Task details:
Print the entries verbatim, leaving out the images they contain.

Source records:
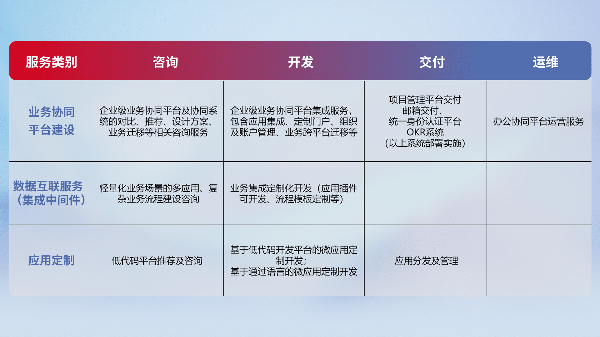 针对钉钉、、企微、、、IDaas等平台级产品提供产品的规划、、方案、、、交付、、、定制化开发等服务,,实现如统一协同办公、、、、智能客户服务、、、混合会议管理、、、、智能数据查询、、等业务场景,,,实现数字化转型。。。。
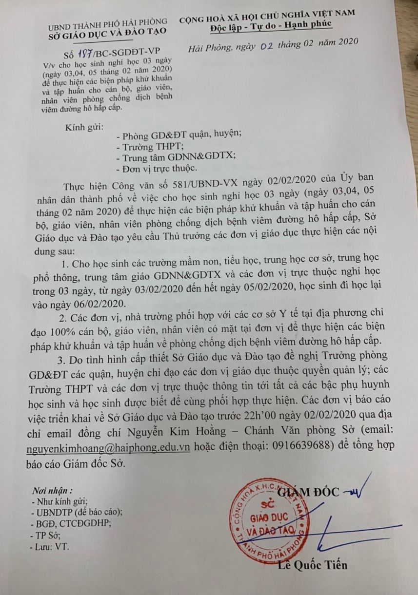 Do tình hình cấp thiết, sở GD&ĐT chỉ đạo các phòng GD&ĐT quận, huyện chỉ đạo các đơn vị giáo dục thuộc quyền quản lý; học sinh được biết để cùng phối hợp thực hiện; Các đơn vị báo cáo về sở GD&ĐT trước 22h ngày 02/02.
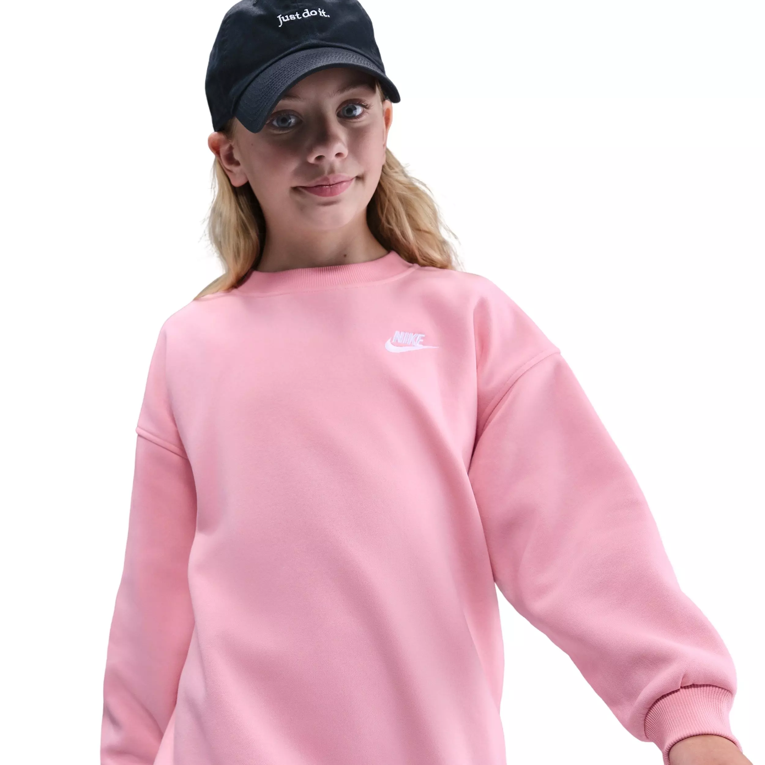 Cozy up in the Nike Big Kids' Sportswear Club Fleece Oversized Sweatshirt - Pink. Lightweight fleece feels smooth on the outside and brushed soft on the inside, delivering easy warmth for everyday wear and effortless layering.
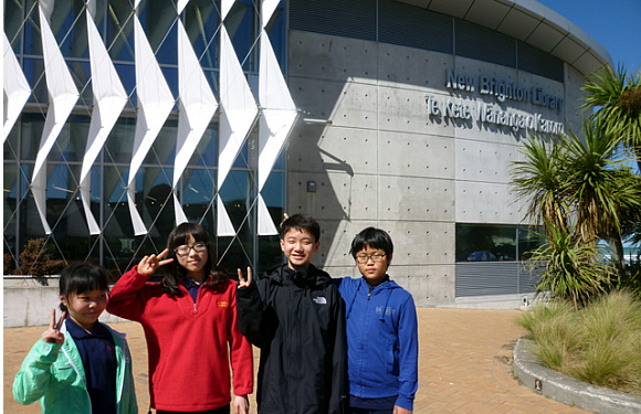 뉴질랜드 뉴브라이튼 도서관 앞에서 정빈이 모습^^
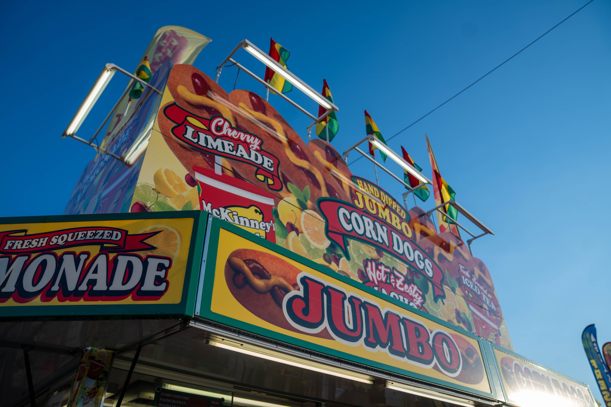 Brightly lit and impossible to miss, these lemonade stands are a fairground staple. With giant signs advertising “Jumbo Corn Dogs,” “Fresh Squeezed Lemonade” and “Fresh Brewed Iced Tea,” it’s the kind of place you walk up to without thinking. The lemonade comes in a tall, red and yellow cup, poured over ice and made to order. It’s sweet, tart and disappears fast. Cheap refills, no fancy mug, but for $9 and $5 refills, it’s a sure way to cool down during a hot day at the fair.
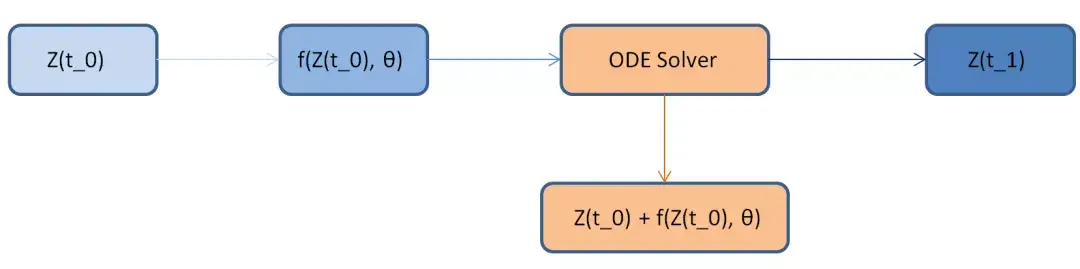 如上所示,常微分方程的数值解 h(t_1) 需要求神经网络 f 从 t_0 到 t_1 的积分。我们完全可以利用 ODE solver 解出这个值,这在数学物理领域已经有非常成熟的解法,我们只需要将其当作一个黑盒工具使用就行了。
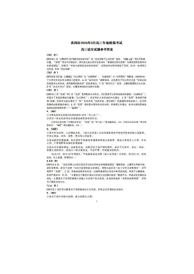 2026届湖北黄冈市高三黄冈二模考试
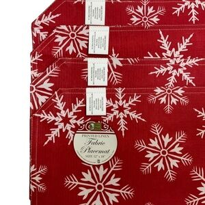 Christmas Holiday Placemats Linen Print Fabric Snowflakes Red White 4
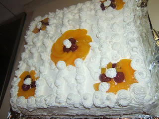 Az oldalát és a tetejét a megmaradt tejszinhabbal diszítettem, s hogy ne legyen az egész hófehérke, és mindenki ízlésének is megfeleljen: őszibarack szeletekkel, s pár szem meggyel szineztem ezt az óriás tortát.
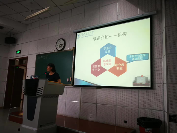 接着,高春艳老师详细介绍了学系实验教学中心的组织构架、仪器设备、信息化建设和实验教学改革成果,并鼓励同学们在具备基础医学、临床医学的基本理论和基本知识的基础上不断提高自身的实践能力。高老师还耐心解答了学生关于实验室安全的疑问。
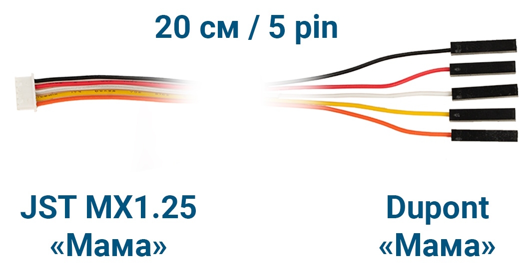 Соединительный шлейф JST MX1.25 «Мама» – Dupont «Мама» состоит из пяти проводов длиной 20 см.
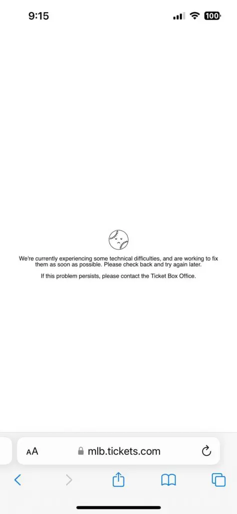 If this problem persists, please contact the Ticket Box Office."
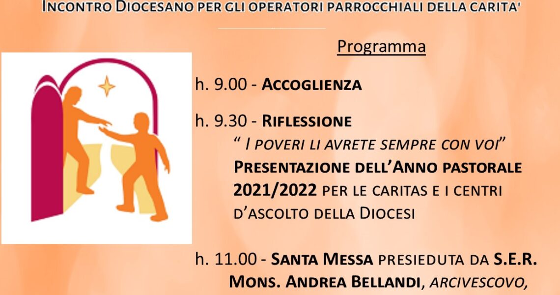 Sabato 27 novembre presso la Colonia S. Giuseppe le confraternite diocesane incontreranno S.E. Mons. Andrea Bellandi. È un’occasione per conoscere la potenzialità e lo slancio che le Confraternite possono apportare, per la crescita del laicato diocesano. Programma Ore 10:00 Accoglienza – ...
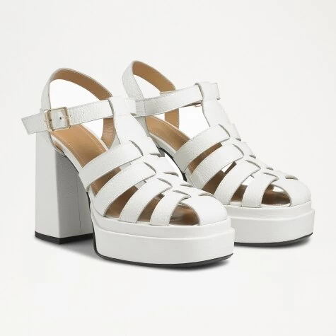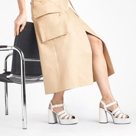 Get onboard with the nautical trend by opting for Miley, a fisherman platform sandal. Crafted with care in Italy from white grained leather, the chunky platform heel gives instant height while the caged fisherman upper straps ensure comfort and security. The adjustable ankle strap features a golden buckle. It’s an ideal piece for carefree days and offers versatility when worn with different looks.
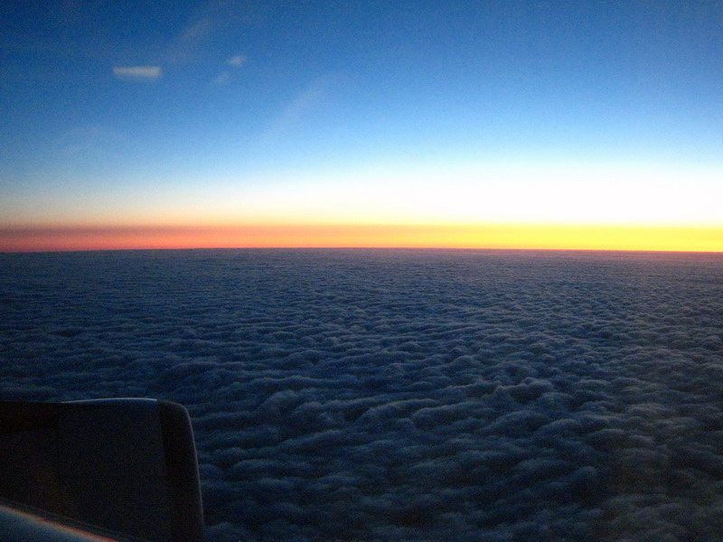 Sunrise over Paris just before we land.

Answer area:
 针对钉钉、、企微、、、IDaas等平台级产品提供产品的规划、、方案、、、交付、、、定制化开发等服务,,实现如统一协同办公、、、、智能客户服务、、、混合会议管理、、、、智能数据查询、、等业务场景,,,实现数字化转型。。。。
 Do tình hình cấp thiết, sở GD&ĐT chỉ đạo các phòng GD&ĐT quận, huyện chỉ đạo các đơn vị giáo dục thuộc quyền quản lý; học sinh được biết để cùng phối hợp thực hiện; Các đơn vị báo cáo về sở GD&ĐT trước 22h ngày 02/02.
 Cozy up in the Nike Big Kids' Sportswear Club Fleece Oversized Sweatshirt - Pink. Lightweight fleece feels smooth on the outside and brushed soft on the inside, delivering easy warmth for everyday wear and effortless layering.
 뉴질랜드 뉴브라이튼 도서관 앞에서 정빈이 모습^^
 Brightly lit and impossible to miss, these lemonade stands are a fairground staple. With giant signs advertising “Jumbo Corn Dogs,” “Fresh Squeezed Lemonade” and “Fresh Brewed Iced Tea,” it’s the kind of place you walk up to without thinking. The lemonade comes in a tall, red and yellow cup, poured over ice and made to order. It’s sweet, tart and disappears fast. Cheap refills, no fancy mug, but for $9 and $5 refills, it’s a sure way to cool down during a hot day at the fair.
 如上所示,常微分方程的数值解 h(t_1) 需要求神经网络 f 从 t_0 到 t_1 的积分。我们完全可以利用 ODE solver 解出这个值,这在数学物理领域已经有非常成熟的解法,我们只需要将其当作一个黑盒工具使用就行了。
 2026届湖北黄冈市高三黄冈二模考试
 Christmas Holiday Placemats Linen Print Fabric Snowflakes Red White 4
 Az oldalát és a tetejét a megmaradt tejszinhabbal diszítettem, s hogy ne legyen az egész hófehérke, és mindenki ízlésének is megfeleljen: őszibarack szeletekkel, s pár szem meggyel szineztem ezt az óriás tortát.
 接着,高春艳老师详细介绍了学系实验教学中心的组织构架、仪器设备、信息化建设和实验教学改革成果,并鼓励同学们在具备基础医学、临床医学的基本理论和基本知识的基础上不断提高自身的实践能力。高老师还耐心解答了学生关于实验室安全的疑问。
 Соединительный шлейф JST MX1.25 «Мама» – Dupont «Мама» состоит из пяти проводов длиной 20 см.
 If this problem persists, please contact the Ticket Box Office."
 Sabato 27 novembre presso la Colonia S. Giuseppe le confraternite diocesane incontreranno S.E. Mons. Andrea Bellandi. È un’occasione per conoscere la potenzialità e lo slancio che le Confraternite possono apportare, per la crescita del laicato diocesano. Programma Ore 10:00 Accoglienza – ...
 Get onboard with the nautical trend by opting for Miley, a fisherman platform sandal. Crafted with care in Italy from white grained leather, the chunky platform heel gives instant height while the caged fisherman upper straps ensure comfort and security. The adjustable ankle strap features a golden buckle. It’s an ideal piece for carefree days and offers versatility when worn with different looks.
 Sunrise over Paris just before we land.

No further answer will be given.